*** Opening Material to process ***

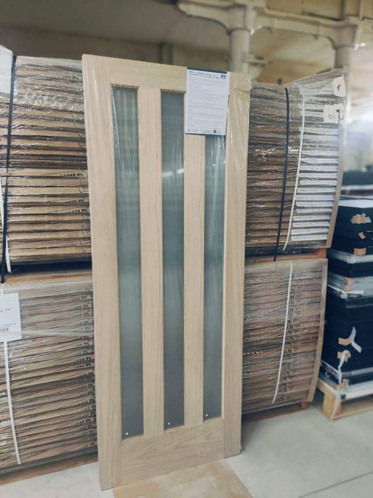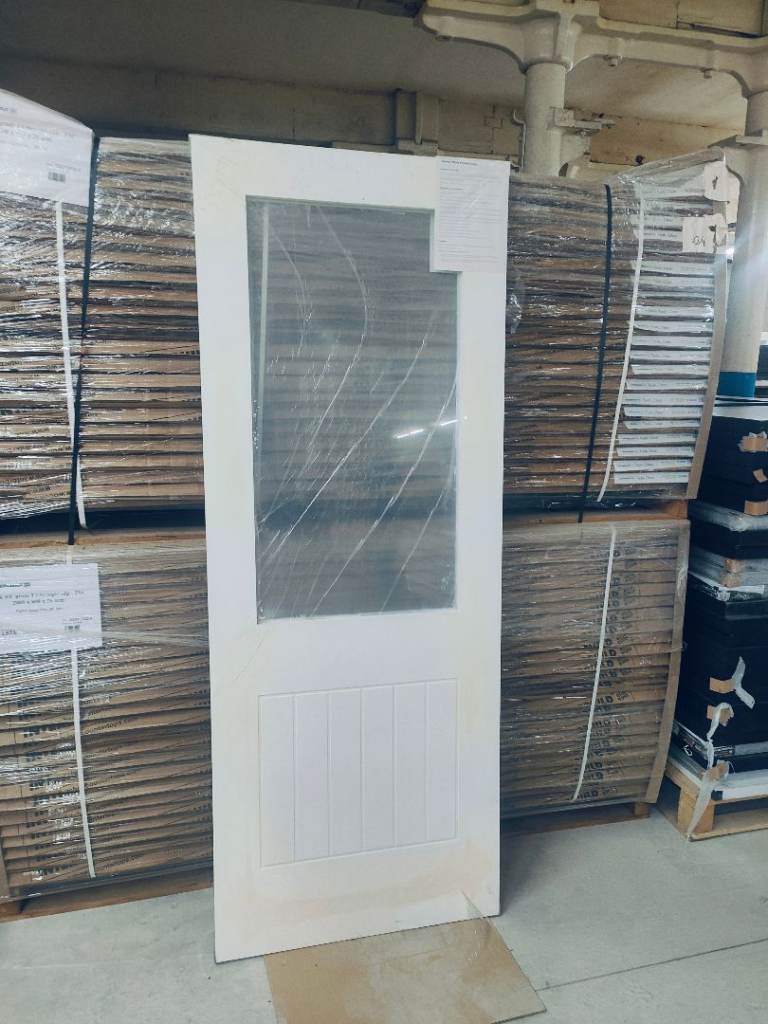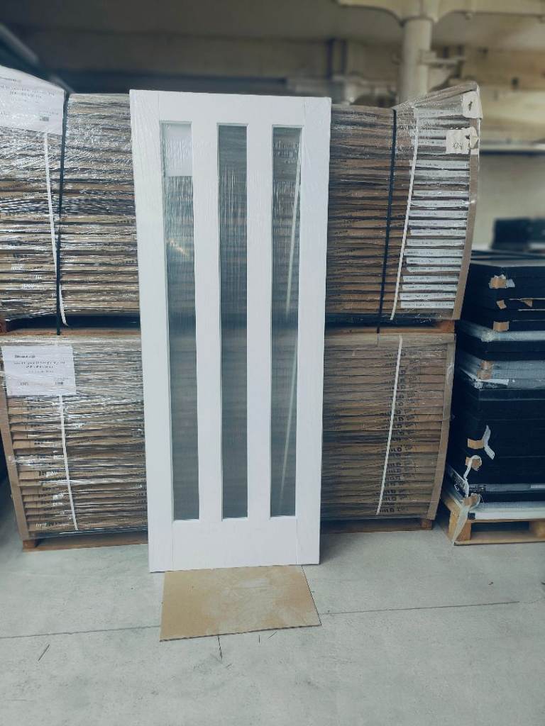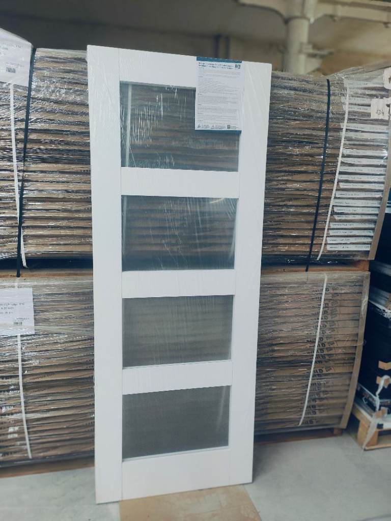 Barn door and full rail kit, white door 33x78 inches, heavy duty black rail 6 foot, buyer to take down
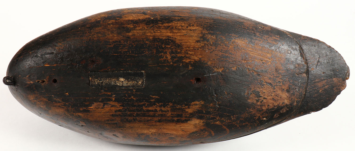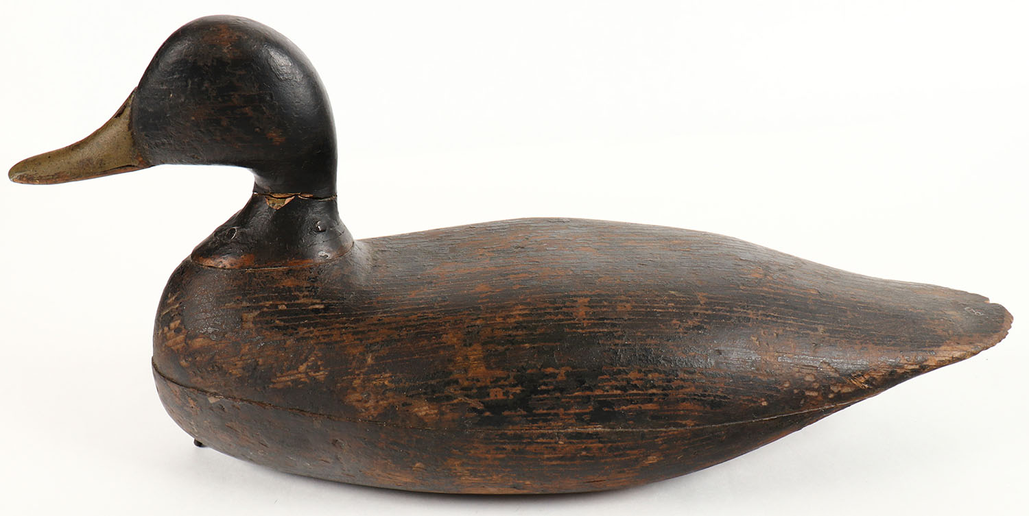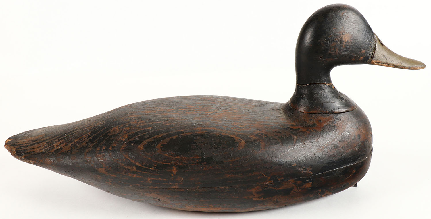 Black Duck by unknown NJ maker, no eyes, hollow wood, original paint shows wear with old repair & touch up to neck, structurally excellent, 15 1/2'' OAL. Grade: Excellent - Value: 70 to 150
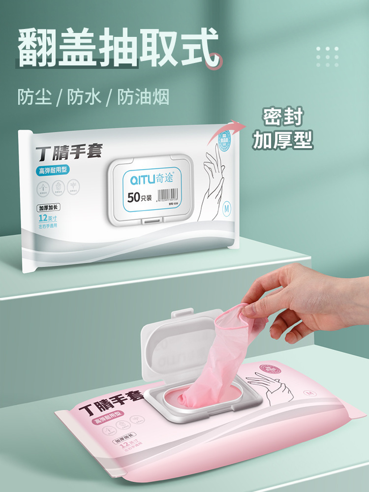 니트릴 장갑 식품 등급 니트릴 장갑 비 일회용 두꺼운 방수 밀봉 인출 가능한 장갑
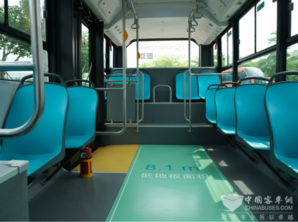 在空间上,M7的车长为7米,但其运载能力却可媲美8米级公交,最大载客量可达58人,这得益于其4050mm超长轴距和8.1㎡低地板区域面积。M7采用了低地板结构设计,整车站立区零台阶,不仅全面提升了上下车的安全性,给乘客提供更舒适的乘坐体验,还能提高运行效率,帮助客户实现更高的经济收益。
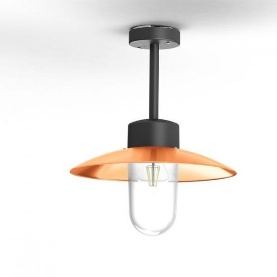Die Belcour N°2 ist eine Außen-Deckenleuchte mit Reflektorschirm aus Kupfer und zylindrischem Glasdiffusor.
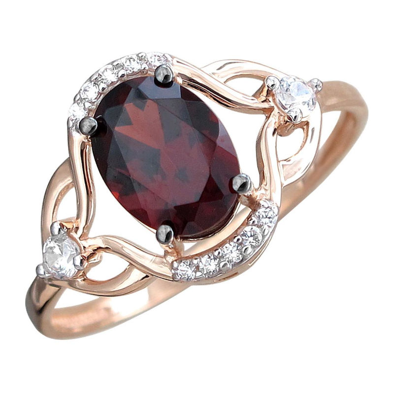 Кольцо из золоченого серебра 925 пробы с фианитами и гранатом 01К3513281РА-1
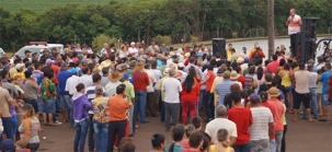 O que é isso, o prefeito de Boa Esperança, Claúdio Gotardo, fazendo um comício? Parece, mas não é. Gotardo está discursando durante a distribuição de peixes, que está se tornando uma tradição no município na Semana Santa. Este ano foram cinco toneladas de peixes. Tudo criado no Lago Municipal. Cada família recebeu dois peixes, numa média de quatro a cinco quilos de carne.
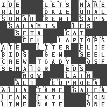 ACROSS 1. Binary compound 4. Allows 8. Female horse 12. To free from 13. Migrant worker of the '30s 14. Mountain range 15. Echolocation 18. Monthly bill 19. Plant excrements 20. Deli grouping 22. French article 23. Bristle 24. Feline 25. Snakelike fish 26. Portable computers 30. Had dinner 33. 61 cubic inches 36. Writer Wiesel 37. Auction offers 39. Commissioned mil. rank 40. Sew up the eyelids of hawks and falcons 41. Group working together 42. Sycophant 44. Order of Saint Francis (abbr.) 45. Elected representative 47. Begley and Asner 50. Immediately 51. Thin strip of wood or metal 53. The first octave above the treble staff 54. Normal relaxed breathing 57. Silent film actress Nazimova 59. Docile 61. An organ shaped like a helmet 63. Path through which fluid escapes 64. Tending to cause great harm 65. Electrically charged atom 66. Actor's bit 67. Nathan's nickname 68. Single DOWN 1. Big collection agency 2. "Vaya con ____" 3. Ferber et al. 4. Australian parrot (variant) 5. Supplements with great effort 6. Shallow baking pan 7. Put into a specified state 8. French bagpipes 9. Ancient river in northeast Turkey 10. Strike 11. Raised railways 16. Toward shelter 17. Pace 21. Shopping center 22. Pet locale 24. Auto 26. Grant temporary use of 27. Margarine 28. Sliced desserts 29. Oneself 30. Lettered men learn these first 31. Hoop that covers a wheel 32. Locale of original sin 34. Russian composer Stravinsky 35. Beverage made from leaves 38. Tchaikovsky ballet 42. Pull behind 43. Sharp bark 46. Small child 48. Mild oath, euphamism for damn 49. Portico 52. Sun: prefix 53. Actor Alda or Thicke 54. Give off 55. Ubangi River tributary 56. Period of immesurable duration 57. Everything 58. Flowery wreath 59. "___ Little Indians" 60. Actress Gardner 62. One (Scot)
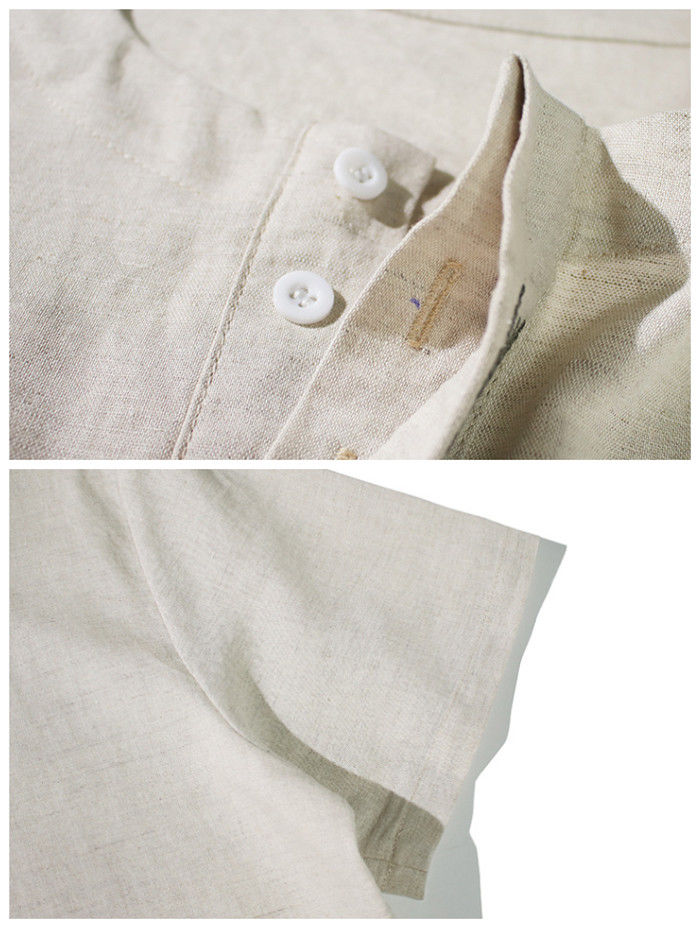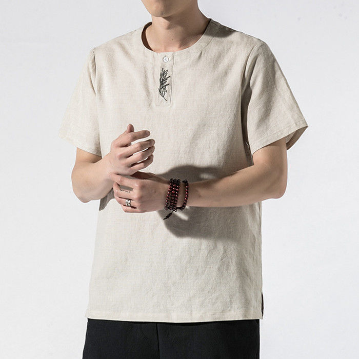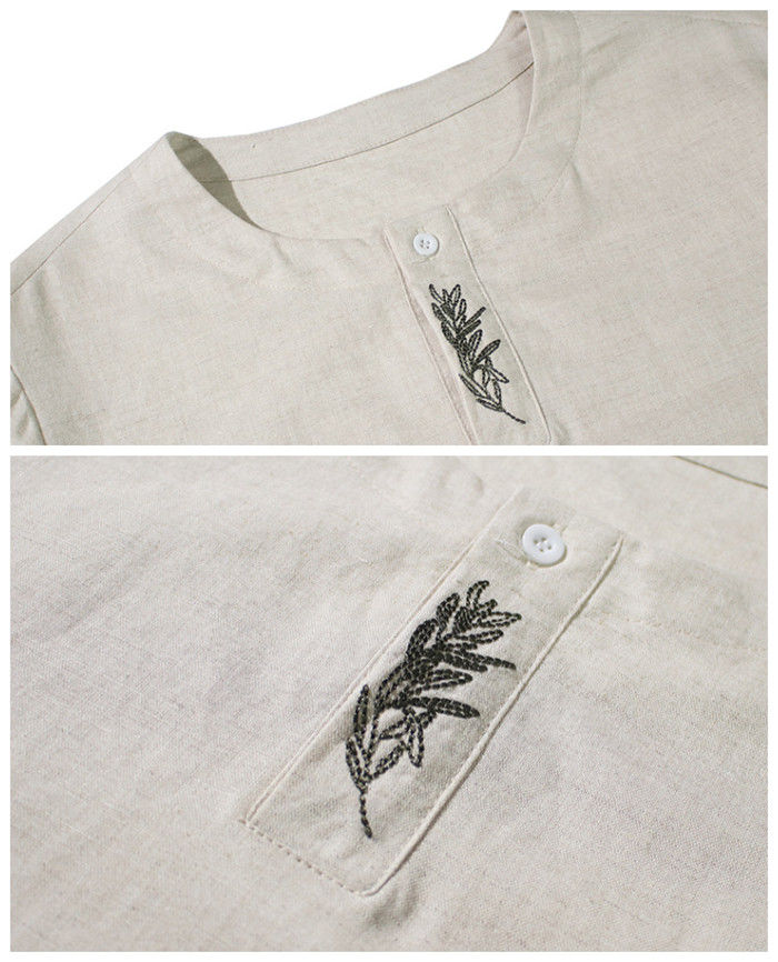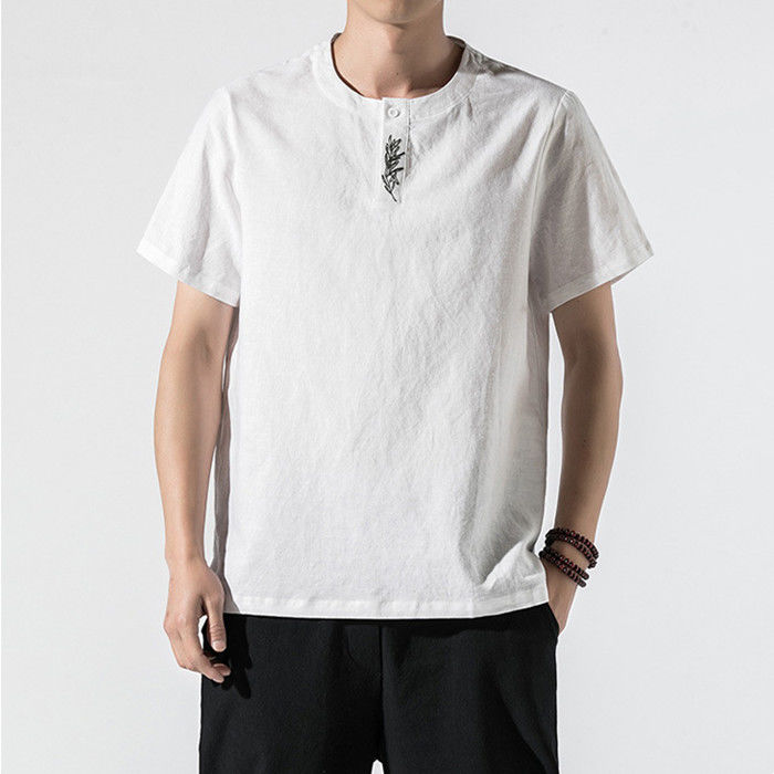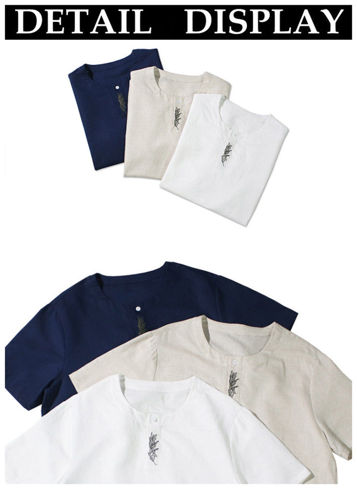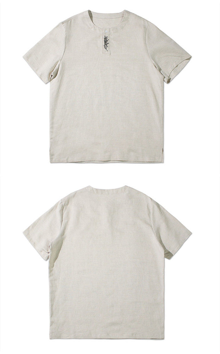 綿麻 刺繍 半袖Tシャツ カジュアル

*** Closing Material to process ***

Task prompt:
The reply should hold an exact repeat of the entries from their opening line through the line with "O que é isso, o", and no pictures at all.

Answer box:
 Barn door and full rail kit, white door 33x78 inches, heavy duty black rail 6 foot, buyer to take down
 Black Duck by unknown NJ maker, no eyes, hollow wood, original paint shows wear with old repair & touch up to neck, structurally excellent, 15 1/2'' OAL. Grade: Excellent - Value: 70 to 150
 니트릴 장갑 식품 등급 니트릴 장갑 비 일회용 두꺼운 방수 밀봉 인출 가능한 장갑
 在空间上,M7的车长为7米,但其运载能力却可媲美8米级公交,最大载客量可达58人,这得益于其4050mm超长轴距和8.1㎡低地板区域面积。M7采用了低地板结构设计,整车站立区零台阶,不仅全面提升了上下车的安全性,给乘客提供更舒适的乘坐体验,还能提高运行效率,帮助客户实现更高的经济收益。
Die Belcour N°2 ist eine Außen-Deckenleuchte mit Reflektorschirm aus Kupfer und zylindrischem Glasdiffusor.
 Кольцо из золоченого серебра 925 пробы с фианитами и гранатом 01К3513281РА-1
 O que é isso, o prefeito de Boa Esperança, Claúdio Gotardo, fazendo um comício? Parece, mas não é. Gotardo está discursando durante a distribuição de peixes, que está se tornando uma tradição no município na Semana Santa. Este ano foram cinco toneladas de peixes. Tudo criado no Lago Municipal. Cada família recebeu dois peixes, numa média de quatro a cinco quilos de carne.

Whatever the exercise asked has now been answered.